Let's replace the [`navigator.hardwareConcurrency`](https://developer.mozilla.org/en-US/docs/Web/API/Navigator/hardwareConcurrency) with the Pixel 8 Pro's 9 cores:
```js
threads = Math.max(9 / 2, 1),
```
Then divide it by two:
```js
threads = Math.max(4.5, 1),
```
Oops, that's not ideal. However `4.5` is bigger than `1`, so [`Math.max`](https://developer.mozilla.org/en-US/docs/Web/JavaScript/Reference/Global_Objects/Math/max) returns that:
```js
threads = 4.5,
```
This means that each time the proof of work equation is calculated, there is a 50% chance that a valid solution would include a nonce with a decimal portion in it. If the client finds a solution with such a nonce, then it would think the client was successful and submit the solution to the server, but the server only expects whole numbers back so it rejects that as an invalid response.
I keep telling more junior people that when you have the weirdest, most inconsistent bugs in software that it's going to boil down to the dumbest possible thing you can possibly imagine. People don't believe me, then they encounter bugs like this. Then they suddenly believe me.
Here is the fix:
```js
threads = Math.trunc(Math.max(navigator.hardwareConcurrency / 2, 1)),
```
This uses [`Math.trunc`](https://developer.mozilla.org/en-US/docs/Web/JavaScript/Reference/Global_Objects/Math/trunc) to truncate away the decimal portion so that the Pixel 8 Pro has `4` workers instead of `4.5` workers.

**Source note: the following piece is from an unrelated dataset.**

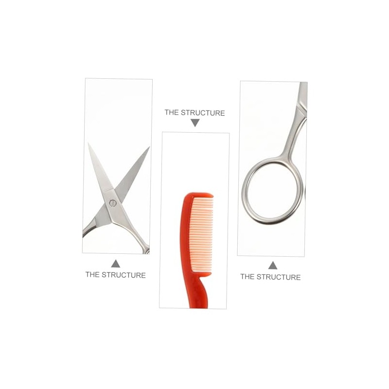 men beard scissor This stainless steel nose hair trimming scissor can evenly trim hair with ease.beard comb kit for barber shop and household DIY.mustache trimming scissors Its distinctive and handle design allows the scissor be comfortably handled and delivering a confident haircut every time.nose hair scissors Meet various demands, sweet and practical present

## Today I learned this was possible
This was a total "today I learned" moment. I didn't actually think that hardware vendors shipped processors with an odd number of cores, however if you look at the core geometry of the Pixel 8 Pro, it has _three_ tiers of processor cores:
| Core type | Core model | Number |
| :----------------- | :------------------- | :----- |
| High performance | 3 Ghz Cortex X3 | 1 |
| Medium performance | 2.45 Ghz Cortex A715 | 4 |
| High efficiency | 2.15 Cortex A510 | 4 |
| Total | | 9 |
I guess every assumption that developers have about CPU design is probably wrong.

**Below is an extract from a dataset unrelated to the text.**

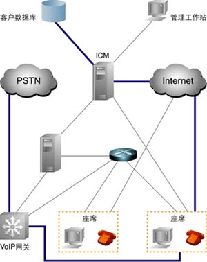 Cisco智能聯(lián)系管理軟件(ICM)可使企業(yè)通過(guò)Internet或PSTN并利用ACD、IVR、Web與電子郵件服務(wù)器、桌面應(yīng)用等與其客戶(hù)進(jìn)行交互;诰W(wǎng)絡(luò),ICM軟件可根據(jù)被叫號(hào)碼,主叫號(hào)碼,呼叫者輸入的數(shù)字,以Web形式提交的數(shù)據(jù),從客戶(hù)背景數(shù)據(jù)庫(kù)獲得的信息對(duì)每個(gè)客戶(hù)進(jìn)行區(qū)分。與此同時(shí),系統(tǒng)根據(jù)從聯(lián)絡(luò)中心平臺(tái)與座席桌面收集的實(shí)時(shí)狀態(tài)信息獲知哪些資源能夠用來(lái)滿(mǎn)足客戶(hù)的需求。具體的ICM系統(tǒng)組件如下。

This probably isn't helped by the fact that for most of my career, the core count in phones has been largely irrelevant and most of the desktop / laptop CPUs I've had (where core count does matter) uses [simultaneous multithreading](https://en.wikipedia.org/wiki/Simultaneous_multithreading) to "multiply" the core count by two.
The client side fix is a bit of an "emergency stop" button to try and mitigate the badness as early as possible. In general I'm quite aware of the terrible UX involved with this flow failing and I'm still noodling through ways to make that UX better and easier for users / administrators to debug.
I'm looking into the following:
1. This could have been prevented on the server side by doing less strict input validation in compliance with [Postel's Law](https://en.wikipedia.org/wiki/Robustness_principle). I feel nervous about making such a security-sensitive endpoint _more liberal_ with the inputs it can accept, but it may be fine? I need to consult with a security expert.
2. Showing an encrypted error message on the "invalid response" page so that the user and administrator can work together to fix or report the issue. I remember Google doing this at least once, but I can't recall where I've seen it in the past. Either way, this is probably the most robust method even though it would require developing some additional tooling. I think it would be worth it.
I'm likely going to go with the second option. I will need to figure out a good flow for this. It's likely going to involve [age](https://github.com/FiloSottile/age). I'll say more about this when I have more to say.
In the meantime though, looks like I need to expense a used Pixel 8 Pro to add to the testing jungle for Anubis. If anyone has a deal out there, please let me know!
Thank you to the people that have been polite and helpful when trying to root cause and fix this issue.